芸能界で磨きトップを取ったという経験が、私の強さだ。揺らぐ必要なんてない。
「ありがとう、りくちゃん!りくちゃんにそう言われちゃったら仕方ないなぁ!魅力的な私を存分に出してくるよ!」
「はい!!頑張ってください!!応援しています!!」
りくちゃんの笑顔に元気を貰う。
ダンススタジオでは日曜日しかりくちゃんと会う事はない。
一週間に一度だけど、りくちゃんと話しているとパワーが湧いてくるのだ。
「それじゃありくちゃん、りくちゃんの曲一緒に踊ろう!実は振り付け覚えたんだぁ。こっそり見てたからね」
「えぇ!!私が一ヶ月かかった振り付けをもうですか!!流石は京香ちゃんです!!でも私だって負けませんよ!!」
二人で踊る。振り付けは覚えたけれど、やはり一つ一つの細かなキレはりくちゃんには敵わない。
次に会うのは最終面接後、おそらく合否が分かった後だろう。
良い報告ができると良いなぁ。
一度帰宅し荷物を取ってから優里の家に向かう。
そういえばそろそろ優里の二十歳の誕生日じゃないか。何をあげよう。今度こそ決めないと。
電車に乗りながら親友へのプレゼントを考える。
優里からは腕時計。私も普段身につける物を買いたいなぁ。
来週の最終面接が終わったら、そのまま何か買いに行こう。ネックレスとか、喜んでくれるかもしれない。

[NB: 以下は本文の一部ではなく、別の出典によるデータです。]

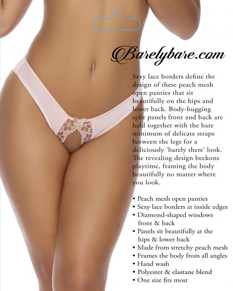 Sexy lace borders define the design of these plus size peach mesh open panties that sit beautifully on the hips and lower back. Body-hugging split panels front and back are held together with the bare minimum of delicate straps between the legs for a deliciously and barely there look. The revealing design beckons playtime, framing the body beautifully no matter where you look.

マンションに到着し、エントランスを開けて貰ってエレベーターに乗り込む。
目的の階に到着して優里の部屋の前に立つ。
あとはインターホンを押して優里が出てくるのを待つだけだ。
大学ではいつも会ってるのに、こうして会うのは久しぶりだからか、なんだか緊張してしまう。
いつもよりゆっくりとインターホンを押した。
「いらっしゃい京香」
「ん、会いたかった」
率直な気持ちを伝えただけで真っ赤になってしまった優里を見て、不思議と落ち着く。
さぁ、どんな風に甘やかそうか。